To establish the cause and manner and circumstance of death in war is hard. That much I have learned.
“It’s not just the collection of evidence that is difficult, it is preserving it,” Ms. Parrin, who has been working on mass graves in the Central African Republic, said. “You are labeling and numbering and photographing under enormous stress and trauma, and you have to demonstrate the chain of custody — who passed what to whom and who locked it in which office and when.”
It’s easy to get something wrong. Mistaken identity is not unusual.

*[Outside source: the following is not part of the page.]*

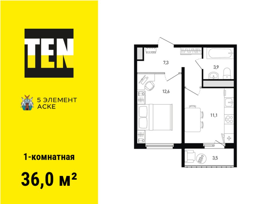 1-комнатная — 36 м² 8/16 эт. в 5 элемент Аске
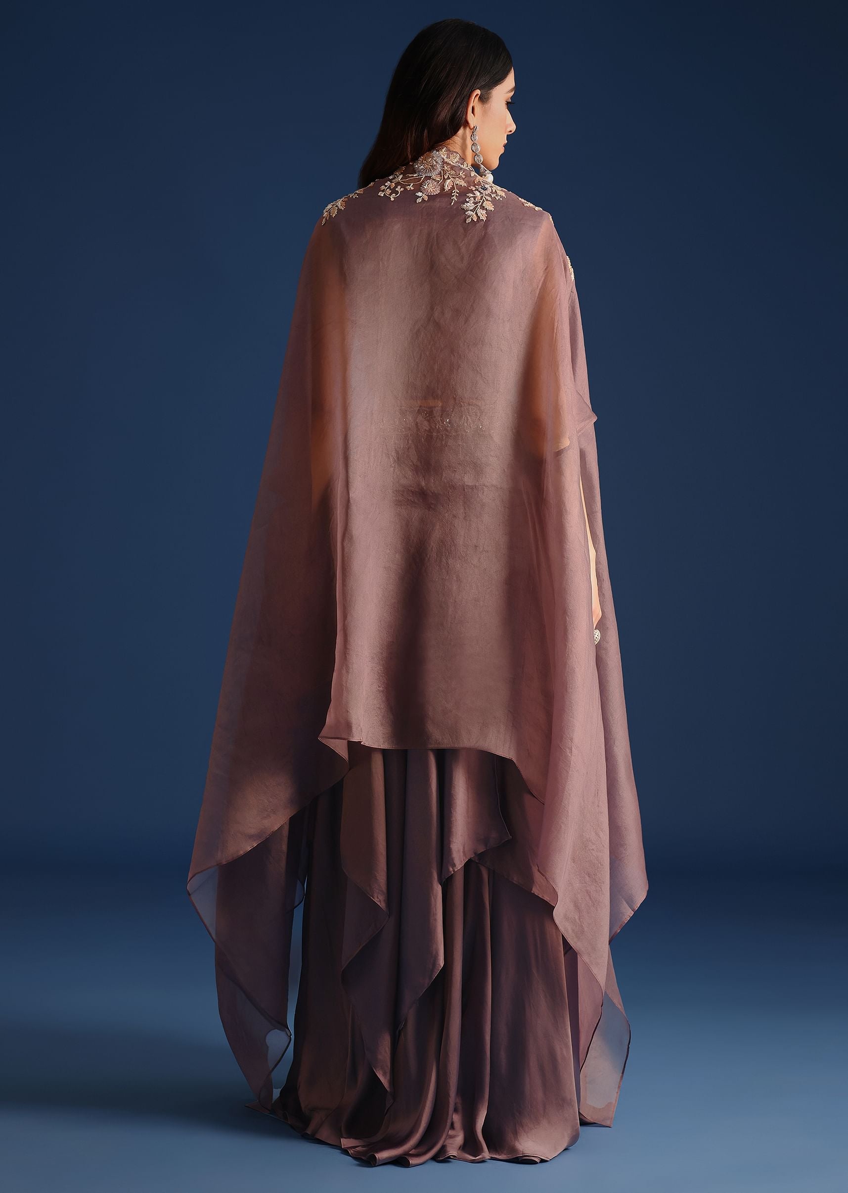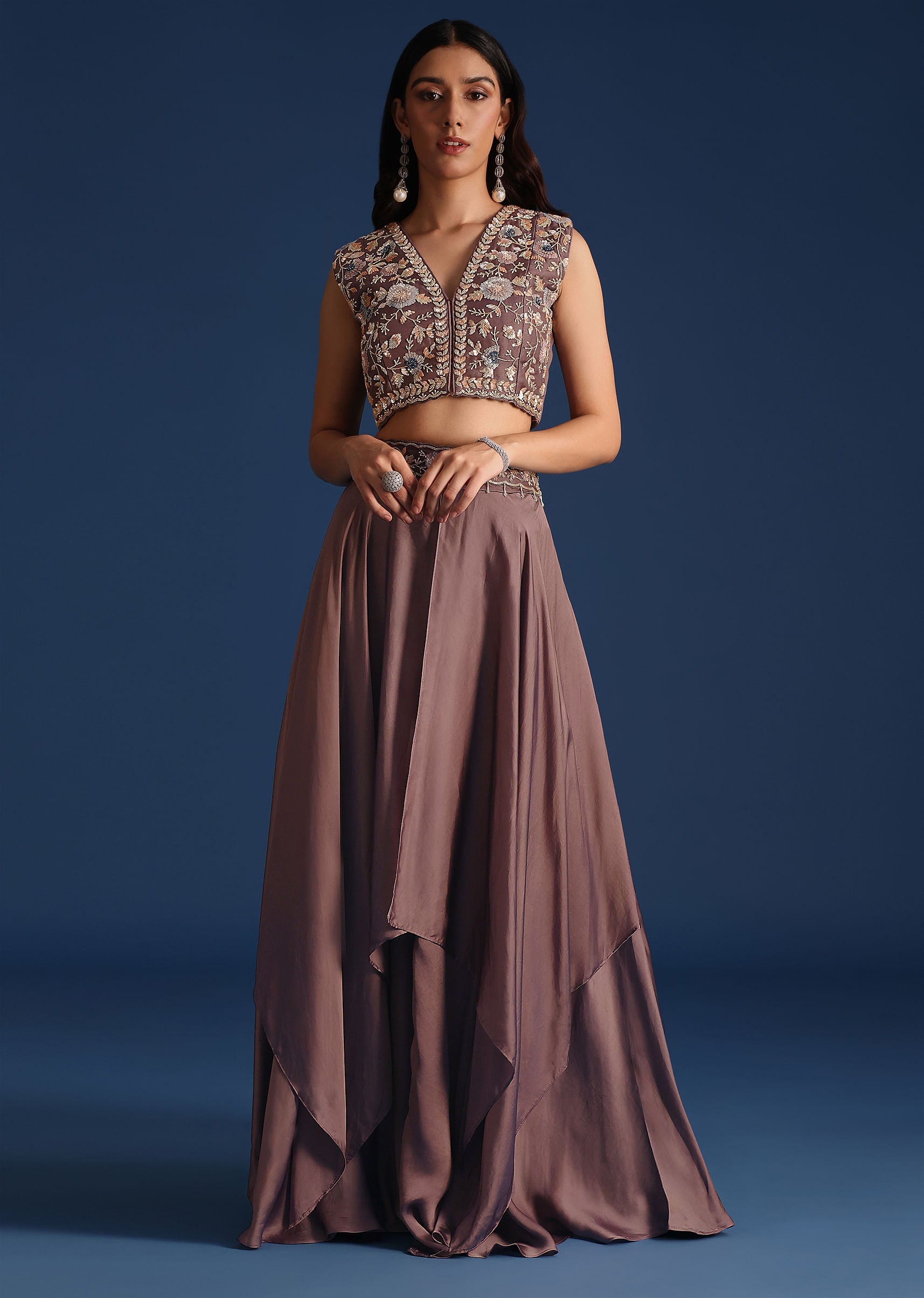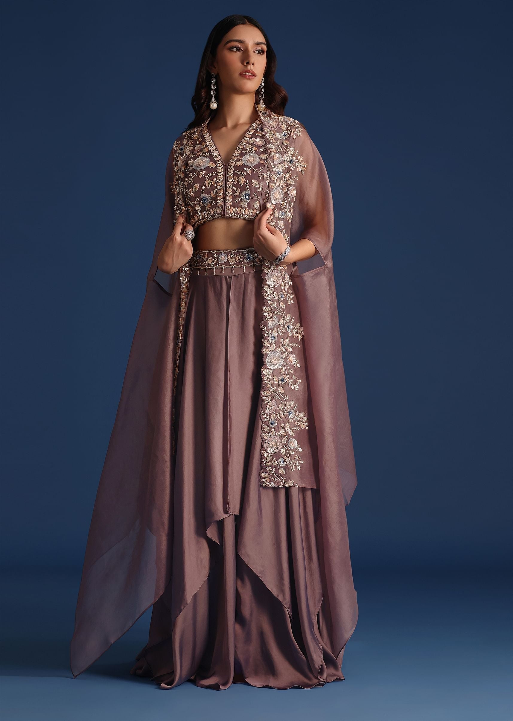 Dark Purple Jacket With Sequin Crop Top And Skirt

Before Bosnia, there was Argentina, which I covered in the mid-1980s. Buenos Aires was awakening then to the scope of a national nightmare. Every conversation seemed to end in tears as parents, haunted by desperate imaginings, recalled their children who had been “disappeared” by the military junta. That many of the tens of thousands of “desaparecidos” had been dumped from planes into the South Atlantic between 1976 and 1983 was not yet known.
So did the Argentine military turn “disappear” into a transitive verb and the ocean into a mass grave. I sat and listened. That’s what journalists do: listen through silence, awaiting a clue, the revealing epiphany, the face that crumples like a dynamited building.
The grief of bereaved parents was overwhelming. Sudden disappearance was too much to bear. There was no farewell and no adequate means to mourn. This twisted minds toward desperate acts.
I took away the conviction that, for the bereaved, disappearance into an anonymous mass grave turns every living being into someone with a possible resemblance to a lost child, whose death can never be entirely accepted.
Before Argentina, there was Lithuania. My grandmother came from Zagare, a small Lithuanian town renowned for its cherries. The last Jew there, Aizikas Mendelsonas, died in 2011. When he was born in 1922, there were almost 2,000 Jews in Zagare, with its seven synagogues.
The Nazis ended all that after pushing into Lithuania in June 1941. On Oct. 2, 1941, the Jews of Zagare were ordered into the main square before being taken into the woods for execution.
In 1944, the Soviet Red Army, having fought its way into Lithuania, examined a mass grave in the forest outside Zagare and found 2,402 corpses (530 men, 1,223 women, 625 children, 24 babies), as I discovered in researching a book on my family. A sign in the woods points to the “Graves of the Victims of the Jewish Genocide,” now also commemorated by a monument on the main square.
The hypothetical European fate of my family, had they not left Zagare in time, was to die nameless in a nameless ditch. Perhaps that is why mass graves have haunted me.
These things linger, subliminally or not. Two decades after Srebrenica, a French photographer, Adrien Selbert, showed me photographs of the town, now gathered in a book called “Srebrenica, From Night to Night.” They captured a town overcome by the weight of the past, unable to shake it off, gripped by a kind of sullen idleness. Stray dogs wander empty streets. Neon signs and streetlights glare into vacancy.
It was clear that all the bullets the Serbs emptied into their male victims constituted an equal violence upon their female survivors, who were left with the hurt of the unsayable.
What Russia has done, in Izium and elsewhere, is forge a Ukrainian national identity that is more powerful than ever, along with wounds that will be refracted down through the generations.